Take the lines from the one with "That said, there’s" through the end of the material below and repeat them exactly, dropping every picture.

++++ Provided information

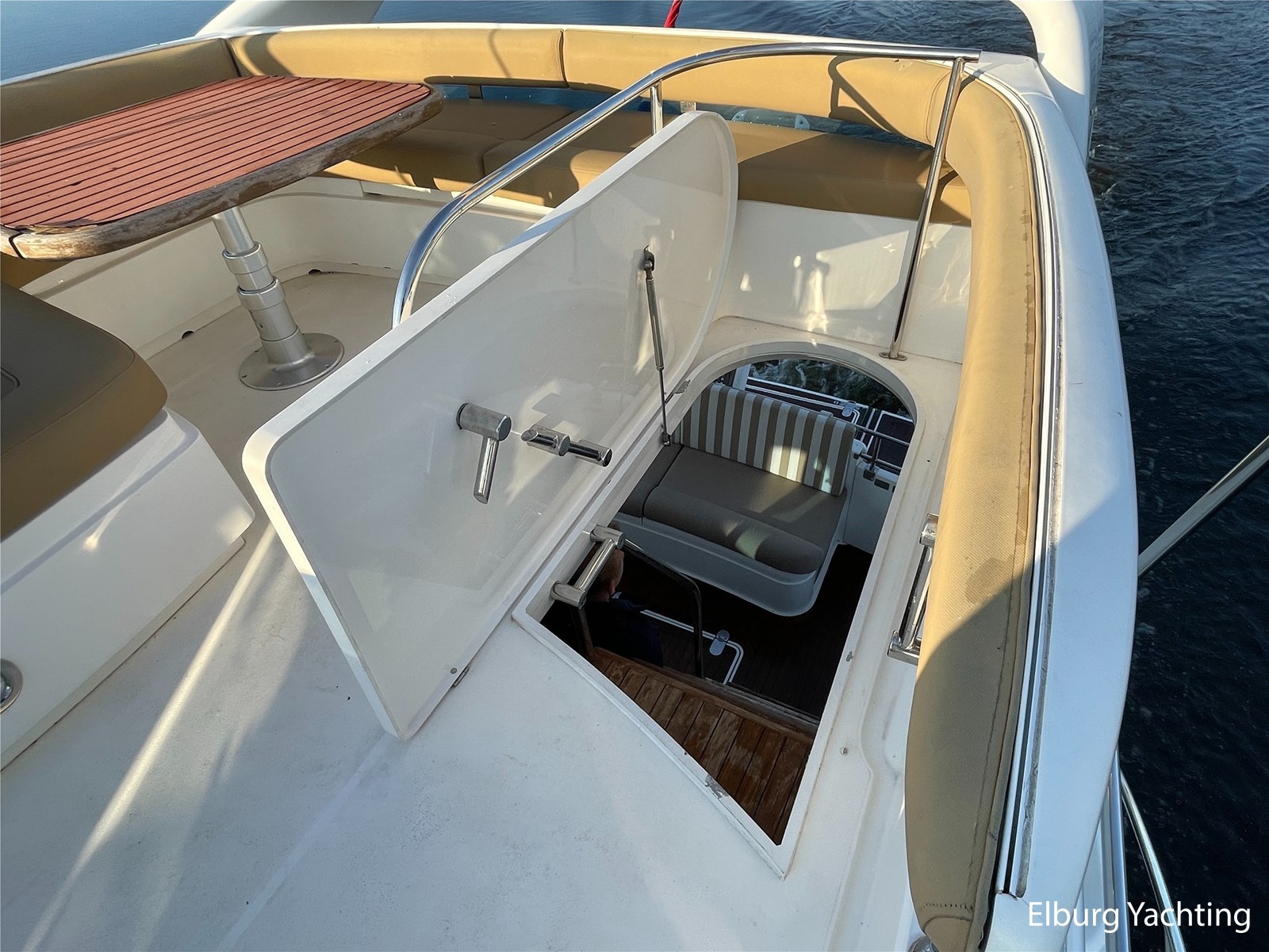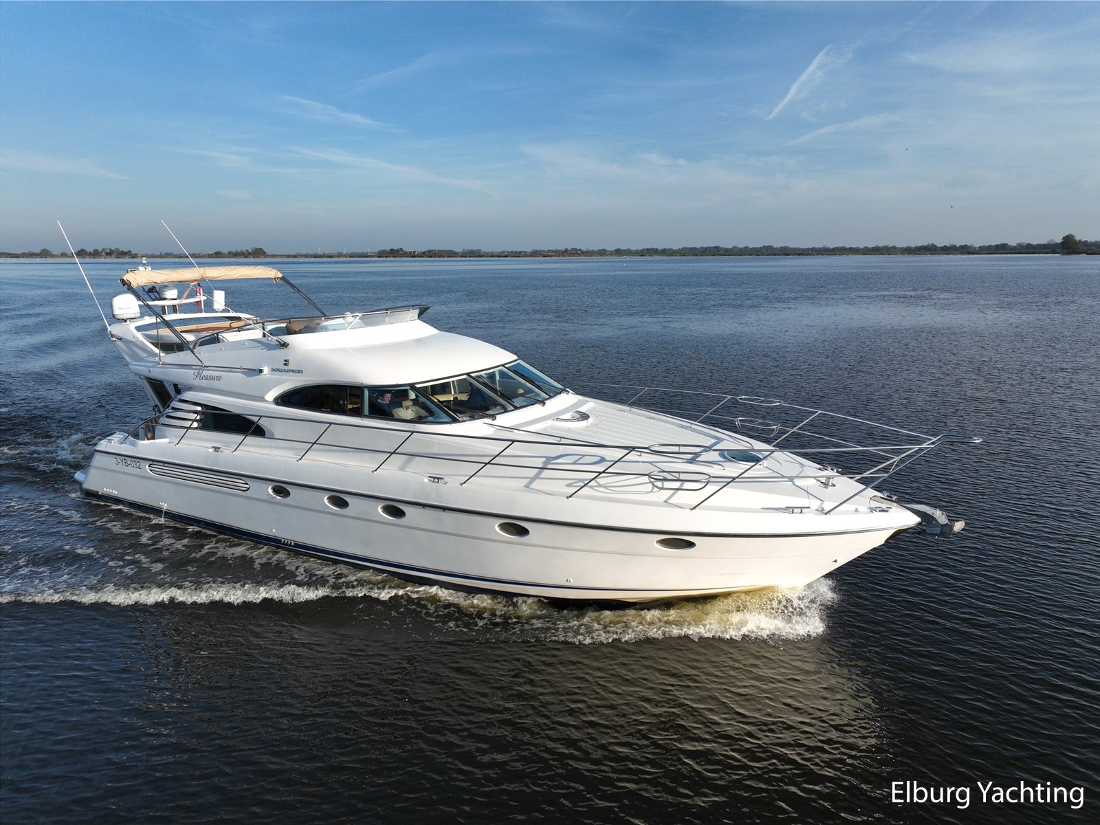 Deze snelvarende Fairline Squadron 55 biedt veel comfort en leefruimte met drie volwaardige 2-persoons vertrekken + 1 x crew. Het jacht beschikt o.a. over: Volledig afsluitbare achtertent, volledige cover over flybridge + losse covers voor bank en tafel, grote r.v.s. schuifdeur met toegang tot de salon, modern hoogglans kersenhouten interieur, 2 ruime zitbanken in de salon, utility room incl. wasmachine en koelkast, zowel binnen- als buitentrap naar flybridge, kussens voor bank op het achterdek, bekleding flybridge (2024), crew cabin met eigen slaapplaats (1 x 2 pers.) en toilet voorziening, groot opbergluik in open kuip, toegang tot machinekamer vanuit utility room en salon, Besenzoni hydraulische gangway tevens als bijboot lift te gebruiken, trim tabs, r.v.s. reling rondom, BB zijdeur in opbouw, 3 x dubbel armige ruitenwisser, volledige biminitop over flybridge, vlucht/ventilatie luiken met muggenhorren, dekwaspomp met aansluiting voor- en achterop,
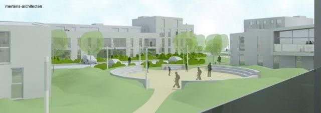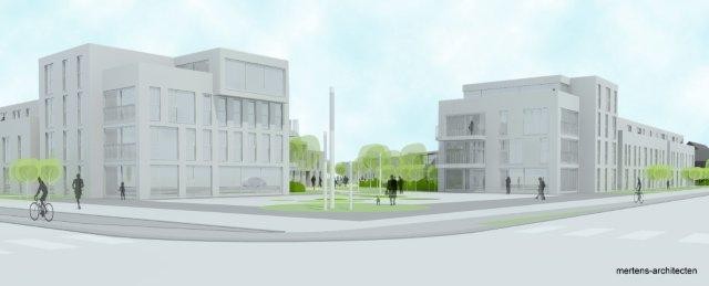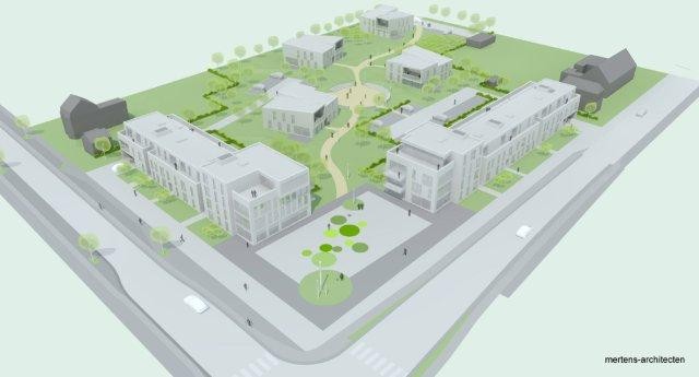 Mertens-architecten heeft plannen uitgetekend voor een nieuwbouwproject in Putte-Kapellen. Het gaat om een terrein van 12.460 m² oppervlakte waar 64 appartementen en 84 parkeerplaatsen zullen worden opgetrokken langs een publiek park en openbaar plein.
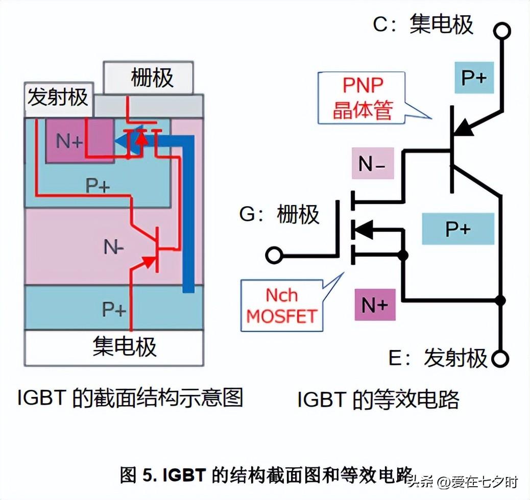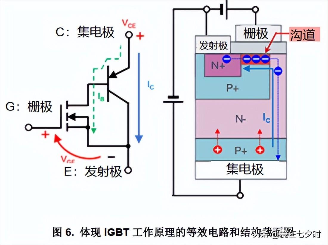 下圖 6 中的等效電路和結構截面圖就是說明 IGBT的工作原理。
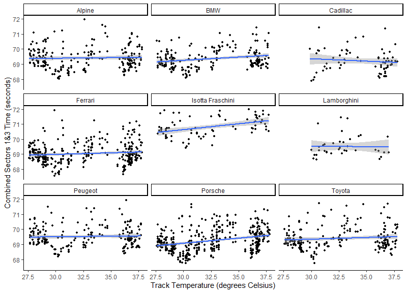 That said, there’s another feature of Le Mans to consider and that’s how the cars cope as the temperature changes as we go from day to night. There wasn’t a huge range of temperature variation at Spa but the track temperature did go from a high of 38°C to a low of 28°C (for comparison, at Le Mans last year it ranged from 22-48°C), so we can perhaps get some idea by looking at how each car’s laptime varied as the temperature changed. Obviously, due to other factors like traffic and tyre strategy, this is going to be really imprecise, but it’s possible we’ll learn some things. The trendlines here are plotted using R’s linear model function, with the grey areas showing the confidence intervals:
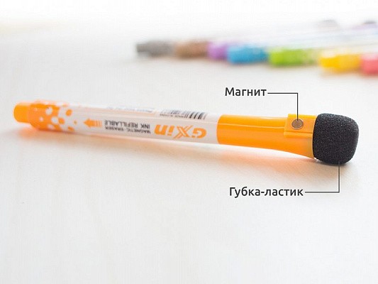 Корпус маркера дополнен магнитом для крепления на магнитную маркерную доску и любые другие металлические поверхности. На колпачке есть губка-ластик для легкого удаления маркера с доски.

++++++++

Output:
 That said, there’s another feature of Le Mans to consider and that’s how the cars cope as the temperature changes as we go from day to night. There wasn’t a huge range of temperature variation at Spa but the track temperature did go from a high of 38°C to a low of 28°C (for comparison, at Le Mans last year it ranged from 22-48°C), so we can perhaps get some idea by looking at how each car’s laptime varied as the temperature changed. Obviously, due to other factors like traffic and tyre strategy, this is going to be really imprecise, but it’s possible we’ll learn some things. The trendlines here are plotted using R’s linear model function, with the grey areas showing the confidence intervals:
 Корпус маркера дополнен магнитом для крепления на магнитную маркерную доску и любые другие металлические поверхности. На колпачке есть губка-ластик для легкого удаления маркера с доски.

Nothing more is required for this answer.